職業柄(特に前職の会計監査での)という面が大きいですが、私は数字で確認しないと落ち着かない性格です。「〇〇が最近人気ですごく流行ってるんですよ。」というのが日常会話ならまだいいけど、ビジネスや投資の会話なら、販売数量とか市場シェア、売上高とかの数字で示して欲しいです。なるべく。あと、その数字のデータソースを明示するのも大切ですね。

去年、数カ月に及ぶ大規模な社内研修に上司命令で強制参加させられました。元マッキンゼーのお偉い方が講師でした。とある研修でその講師が「アップルはiPhoneという単一デバイスが売上高の大半で・・・」と言ってました。

違いますよね。確かにiPhoneはアップルの稼ぎ頭ですが、その割合はピーク時でも66%です。直近決算では55%にまで下がっています。サービス売上の重要性が高まっています。iPadやMacの売上も無視できません。「iPhoneが売上高の大半」とは去年時点であってもちょっとミスリードです。なんとなくアップル=iPhoneの会社と思っているだけで、きちんと数字を確認してないんだろうなって思いました。別にわざわざ指摘しませんけど。

数字で確認できることをサボってふわっとごまかすと、時に信頼を失います。まあ、私は監査や経理という職業的にその傾向が強いってのもあります。でも一般論としても、なるべくファクトは数字で確認するという姿勢は持っておいて損はないと思います。

もちろん投資判断においては数字のチェックは不可欠です。配当利回り、PER、PBRなどのバリュエーション系の指標。あとは過去の業績、配当の推移。こういうのをきちんとチェックするだけで、平均以上の投資家になれると思います。主要企業だけですが、ブログの米国株銘柄分析で業績などの定量的な情報を掲載しているので参考にしてください。

数字で確認するって意外と盲点というか、やってない人多いですよ。だから、ここをやるだけで差別化になります。人がやりたがらないことを地道にやっていると、その先に金鉱が見つかるかもしれません。

この前、社長から「X事業の中国の売上高の割合ってどれくらいあるの? 成長率はどれくらいなの? ちょっと調べてくれない。」って言われて、めちゃくちゃ驚きました。X事業ってうちの主要部門でして、その事業の中国の売上規模をCEOが把握してないってマジかよって思いました。即答できない僕が偉そうに言えたもんじゃないですけどね。ま、私は一般社員でそんなに会社の業績にコミットしてませんので。。

社長は忙しいから、細かい数字を把握してないのは仕方ないとは思いつつも、そんなもんかーってちょっと残念な気持ちになりました。

こんなもんですよ。数字って嫌われものです。見てもつまらないですから。数字ばかりのプレゼン資料って、全く人の心に刺さらないですよね。人の感情を動かしたい時はあまり数字ばかりで攻めない方がいいと思います。

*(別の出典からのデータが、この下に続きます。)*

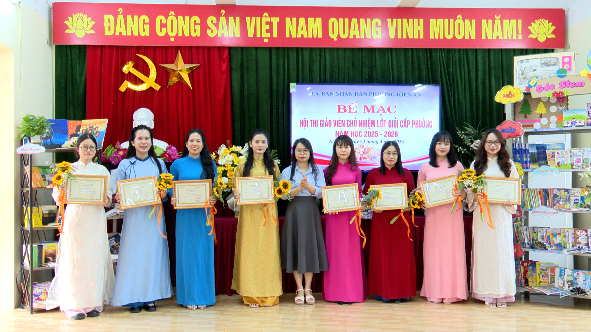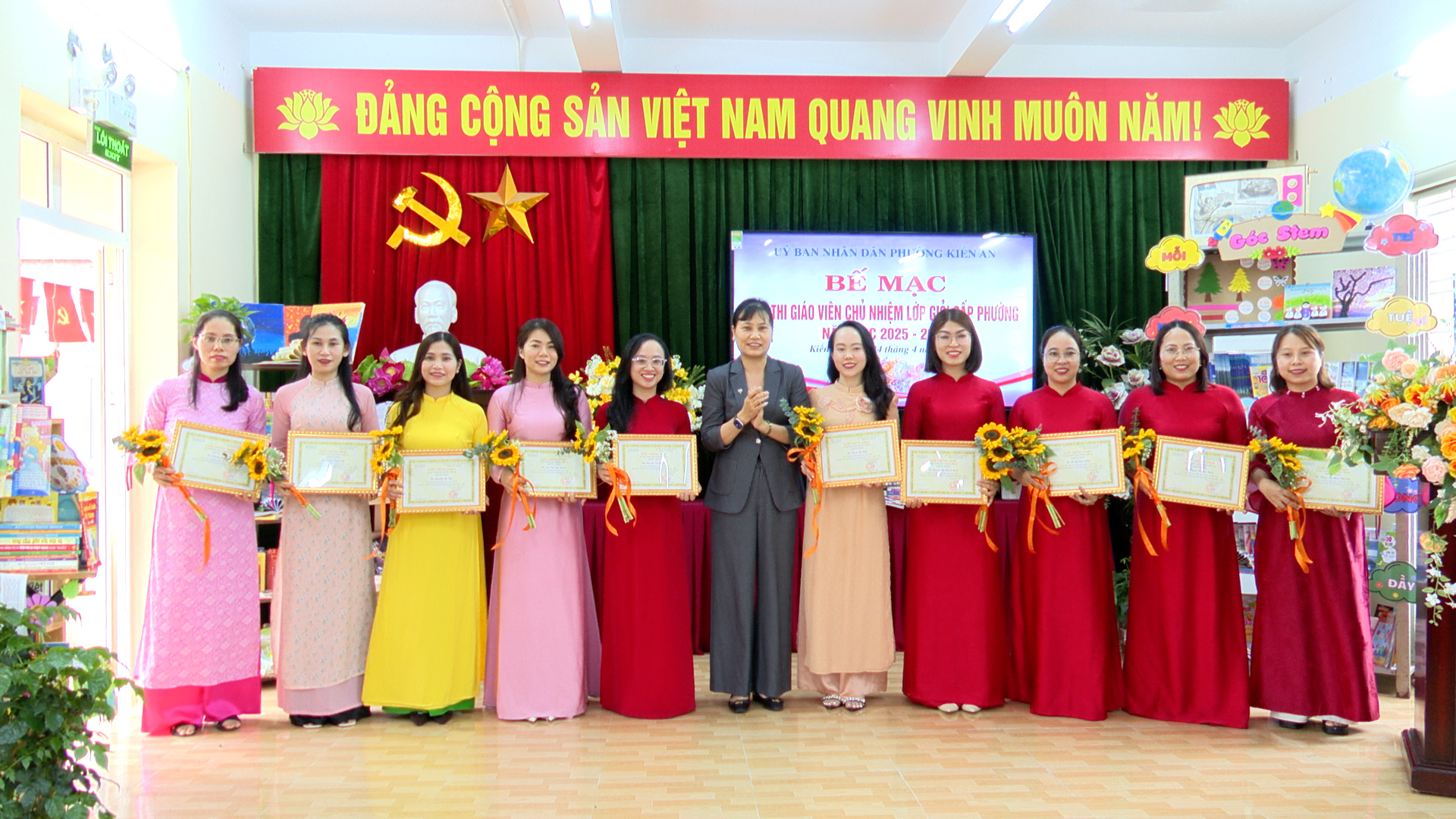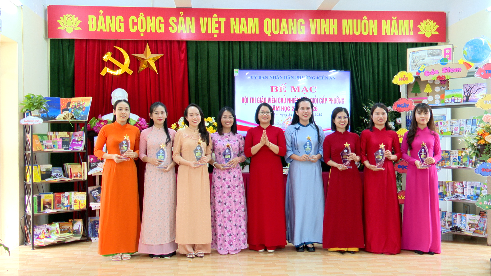 Kết thúc Hội thi, 28 giáo viên được công nhận giáo viên chủ nhiệm lớp giỏi Tiểu học cấp phường năm học 2025 - 2026. Ban tổ chức hội thi cũng đã vinh danh, trao kỷ niệm chương cho 08 giáo viên có thành tích xuất sắc trong hội thi.

世の中の人が数字を毛嫌いするからこそ、きちんと数字でファクトを抑えておくことには価値があると思います。暗記する必要はないです。「数字で確認しなくっちゃ」という意識改革の方が重要です。

情報は暗記しなくても、その情報がある場所をざっくり把握しておけばいいです。落合陽一さんが知識のタグ付けをしよう、と書籍でおっしゃっていて共感しました。

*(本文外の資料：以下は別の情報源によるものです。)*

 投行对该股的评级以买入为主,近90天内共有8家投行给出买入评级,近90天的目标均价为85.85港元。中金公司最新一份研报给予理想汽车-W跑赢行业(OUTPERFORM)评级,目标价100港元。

私も普段からよくやってます、脳内タグ付け。毎日ウォールストリートジャーナルなどのニュースを読んでますが、そこに書いている情報を記憶するのは無理です。子どもの頃から記憶力ない方ですし。こんなこと書いてあったな~という程度の記憶だけ残す。「アップルの製品別売上についてWSJに書いてあったな」という記憶だけ残しておく。そしたら、いざその情報が必要になった時に検索すればいいです。だいたい数分で見つかります。ブログ書く時にはこの知識、情報のタグ付けがかなり役立っています。